- Born: Felix Davidovich Krivin June 11, 1928 Mariupol, USSR
- Died: December 24, 2016 (aged 88)
- Occupations: writer, poet, screenwriter
- Years active: 1962–2016
- Style: Humor

= Felix Krivin =

Felix Davidovich Krivin (Фе́лікс Дави́дович Кри́він, tr. Félix Davídovich Krívin; June 11, 1928 – December 24, 2016) was a Soviet, Ukrainian and Israeli writer and poet, author of intellectual humoristic prose, screenwriter.

==Early life==
Felix Davidovich Krivin was born June 11, 1928, in a Jewish family in Mariupol. His family moved to Odessa in 1933. In 1945, after evacuation, Krivin moved to Izmail, where he finished evening school. He graduated from the Kiev State Pedagogical Institute in 1951.

==Career==
Krivin worked as a mechanic apprentice before becoming a mechanic on the "Edelweiss" barge of Danube Shipping Company. He later became a night shift proofreader in "Pridunayskaya Pravda" ("Danubian Truth") where his first poems were published, and a radiojournalist at the Izmail regional Radio Committee.

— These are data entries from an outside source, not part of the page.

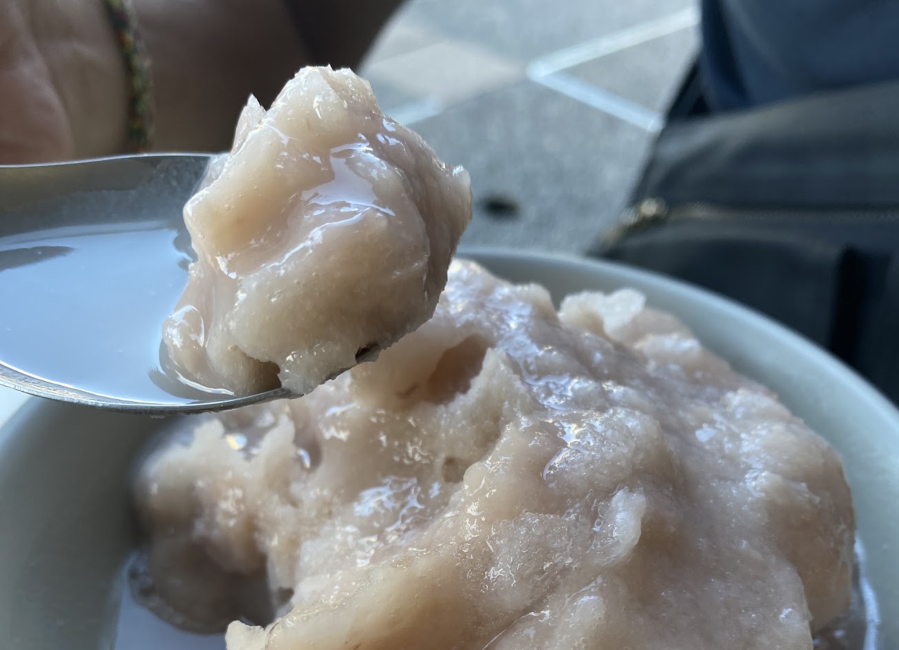這裡是洋菜口感的豆花,吃不到豆花香…喜歡綿密口感豆花的人不要點豆花! 芋頭冰吃得到綿密芋頭顆粒口感,芋頭控可以試試看!
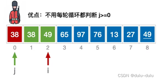 后者写法的优点是不用每轮循环都判断j>=0,循环执行效率更高:
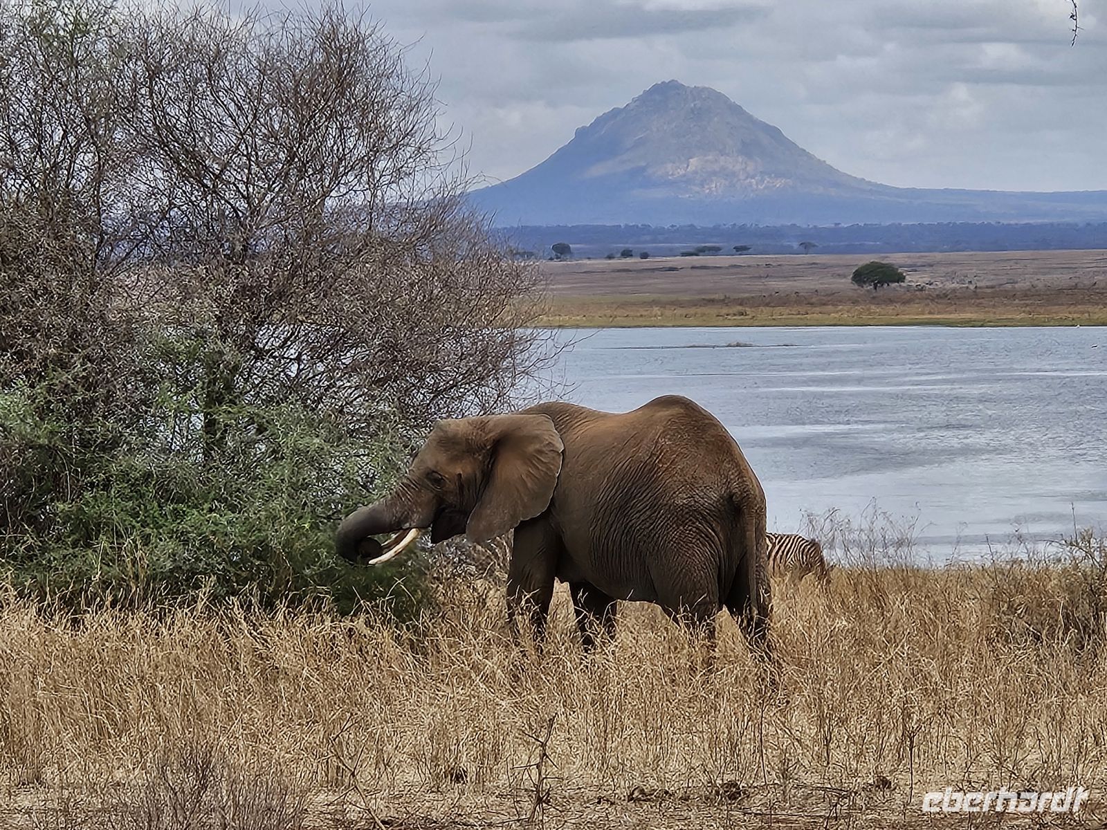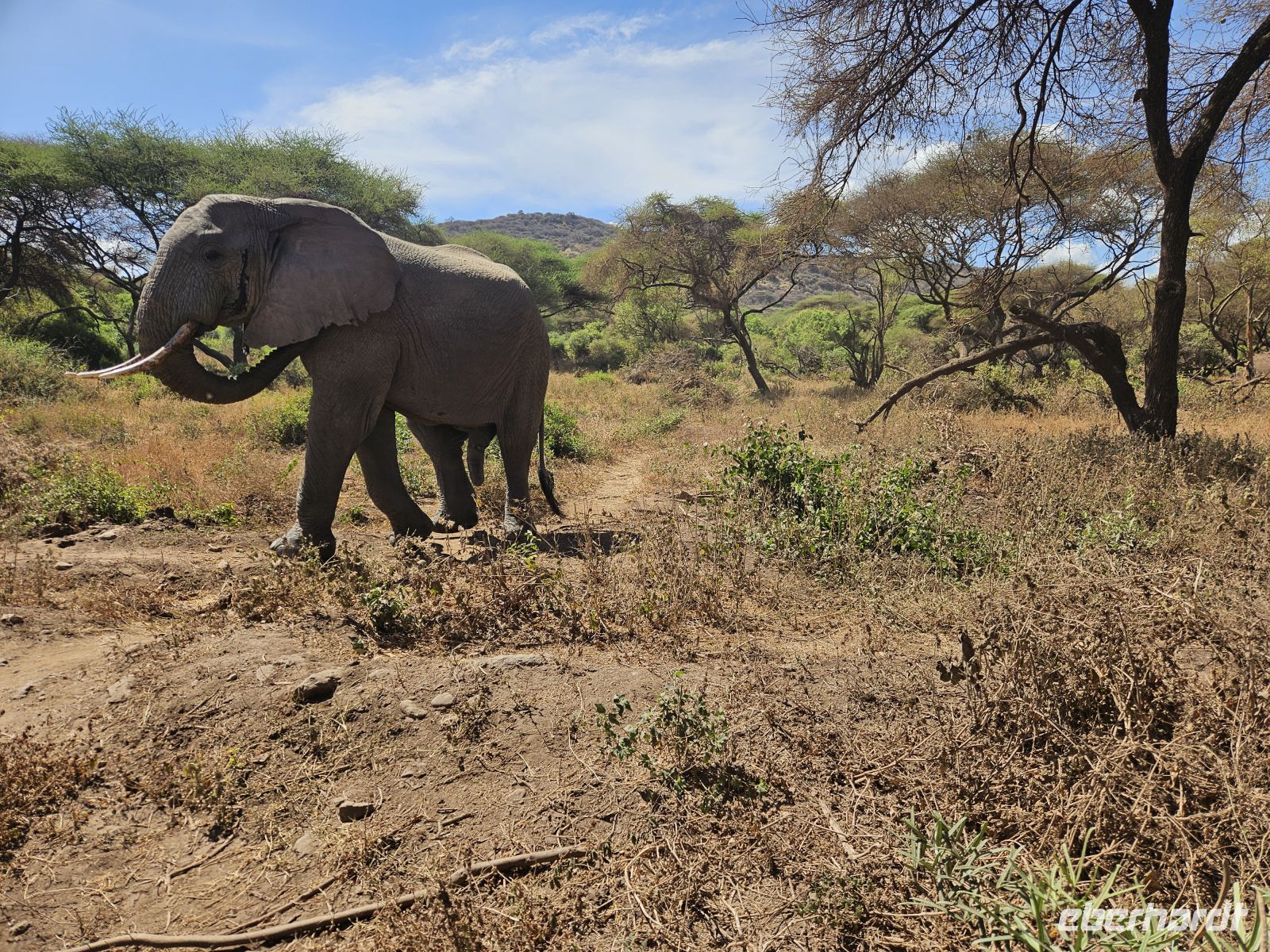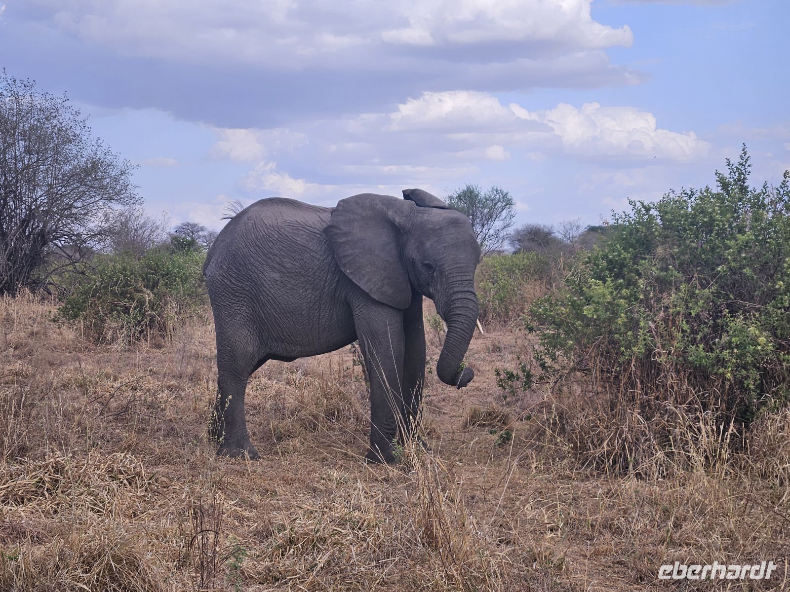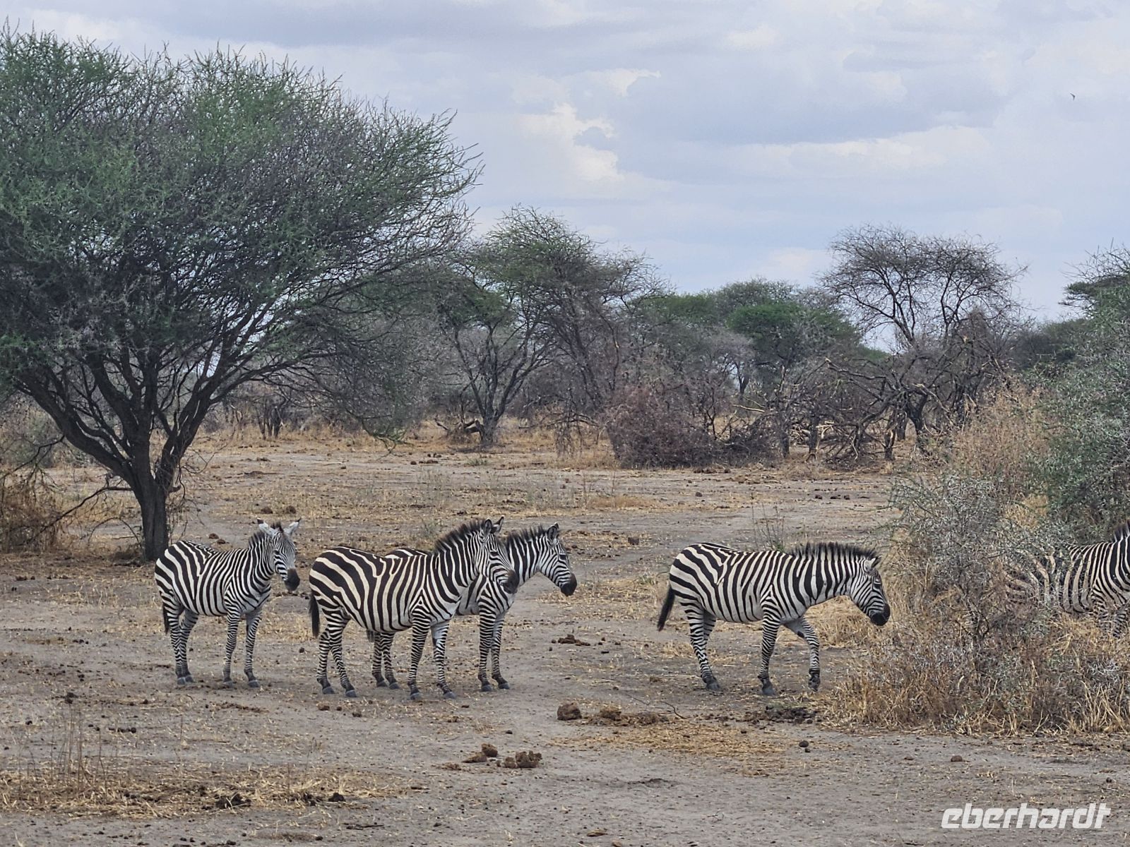 Vor dem East-Gate sammelten sich bereits eine Vielzahl von Jeeps. Die Formalitäten konnten aber schnell geklärt werden und so legten wir gleich nach Einfahrt in den Nationalpark unsere Mittagspause ein. Die Lunchboxen hierfür hatten wir wieder in Arusha erhalten. Zu unserer Mittagspause gesellten sich unter anderem ein Äffchen und ein Sterling-Vogel. Nachdem wir gestern die Zebras nur aus der Entfernung erblickt haben, kamen sie uns diesmal in kleinen Grüppchen ganz nah. Das nächste Highlicht war eine Gruppe von Elefanten. Während unseres heutigen Safaritages trafen wir immer wieder auf mehrere Elefantengruppen. Unter ihnen waren auch immer einige Jungtiere.

Krivin worked as a teacher in Mariupol from 1951 to 1954. After living in Kiev in 1954-1955, he moved to Uzhhgorod, where he worked as a contributing editor at Zakarpattia Oblast publishing house. In 1962, he was accepted to the Writers' Union of Ukraine. In 1990, Krivin was a laureate of the Korolenko republican award.

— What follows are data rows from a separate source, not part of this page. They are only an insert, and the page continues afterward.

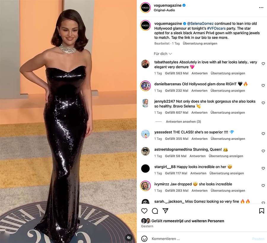 SELENA GOMEZ in Armani, Vanity Fair Party © Instagram/ Vogue
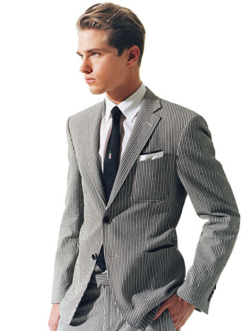 七:條紋外套?肯定!再發(fā)愁你的條紋西裝沒(méi)法穿么?的確,如今大概只有四歲的孩子和沒(méi)有時(shí)尚品味的人才會(huì)選擇那種淺色的泡泡紗外套來(lái)作為自己的“出場(chǎng)”服裝。但是,告訴你個(gè)方法,只要簡(jiǎn)單的加上黑色和白色的話(huà),這款搭配就變得相當(dāng)?shù)挠行汀⒊墒炝。搭配白色的襯衫,黑色的領(lǐng)帶,和一塊口袋方巾,那么無(wú)論是日常的辦公或者是小型的PARTY聚會(huì),就都很合適了!
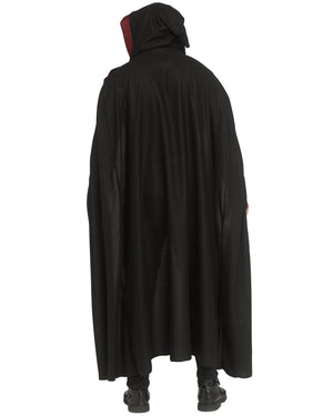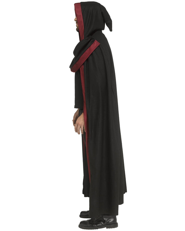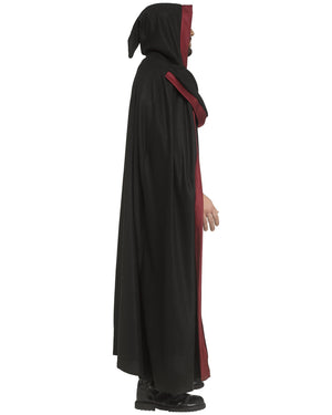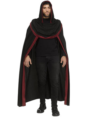 Present yourself in true regal style with the Goth Lord Hooded Mens Cloak, an exquisite piece that showcases both power and mystery. This black hooded cloak, adorned with rich red satin-like trims, transforms you into a figure of noble authority and gothic allure. Complete your look with your finest silver weaponry and armour. Whether for a Renaissance fair or medieval themed party, this cloak is perfect for adding a touch of majesty to your look.
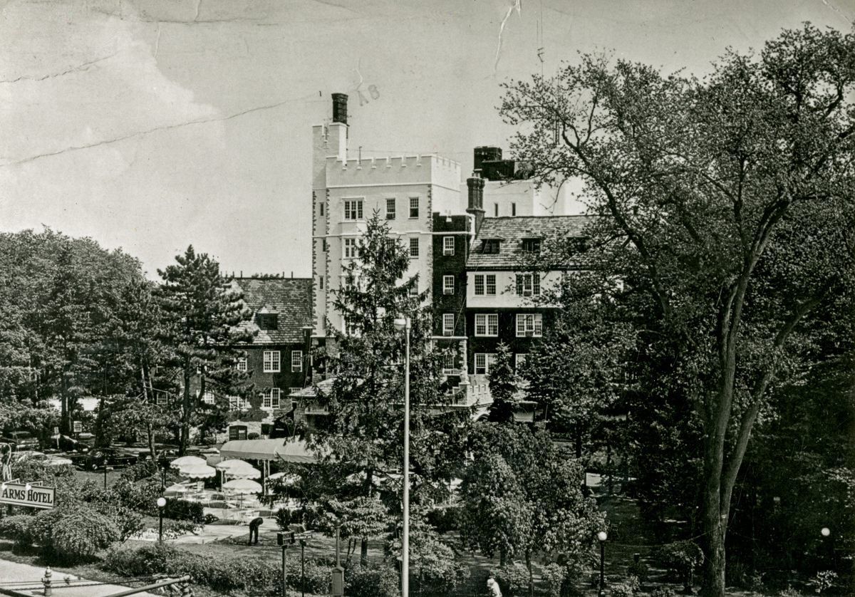 A view of the front of the Pickwick Arms hotel from a building across the street on the Post Road. The Pickwick Arms opened in 1920 and was closed in 1972.Collection
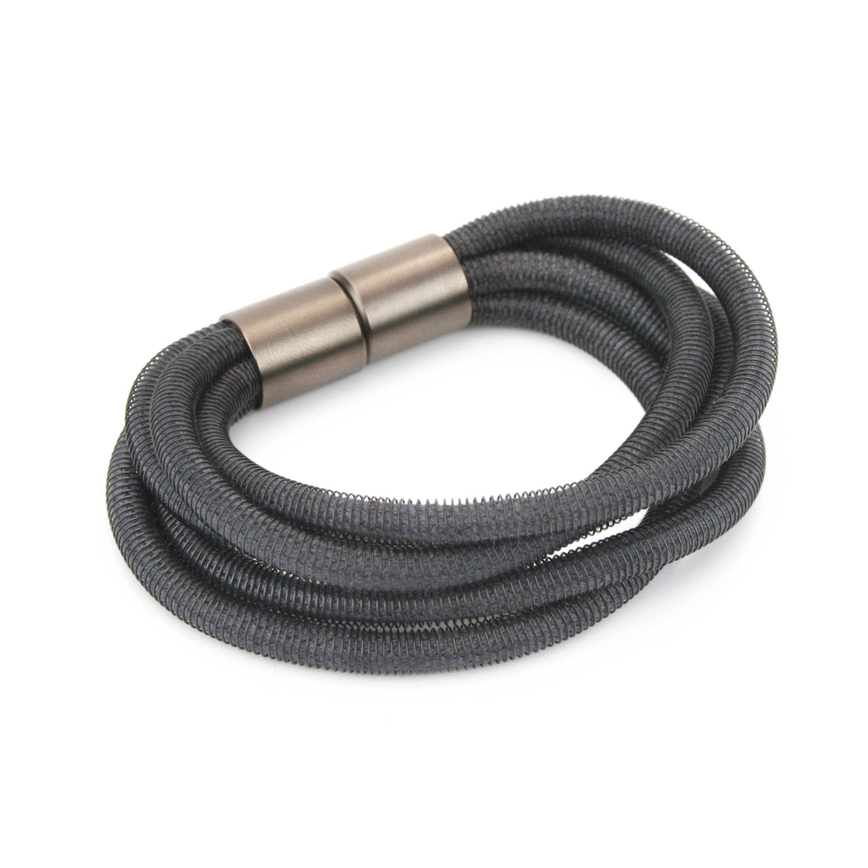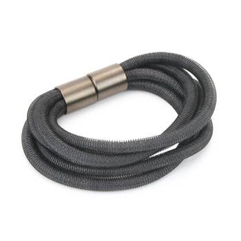 Each bangle is single but gives the illusion of three. Exclusive to us, this bangle also features a 100% American pewter charm and is expandable from 7 inches - 8 inches making it one size fits most.

Krivin was the author of more than 25 books which were published starting from the 1960s by various Soviet publishing houses. He collaborated with comedian Arkady Raikin, for whom he wrote interludes. In 2006, he became a laureate of the Subcarpathian Rus independent literature "Russian award".

One of his most famous creations are the "half-legends"; in 2018, a few of the stories were the first of his work to be published in English in the online edition of the World Literature Today journal, translated from Russian by Anna Burneika.

==Personal life and death==
Krivin moved to Israel, where he settled with his wife in Beersheba in 1998. He died on December 24, 2016, at the age of 88.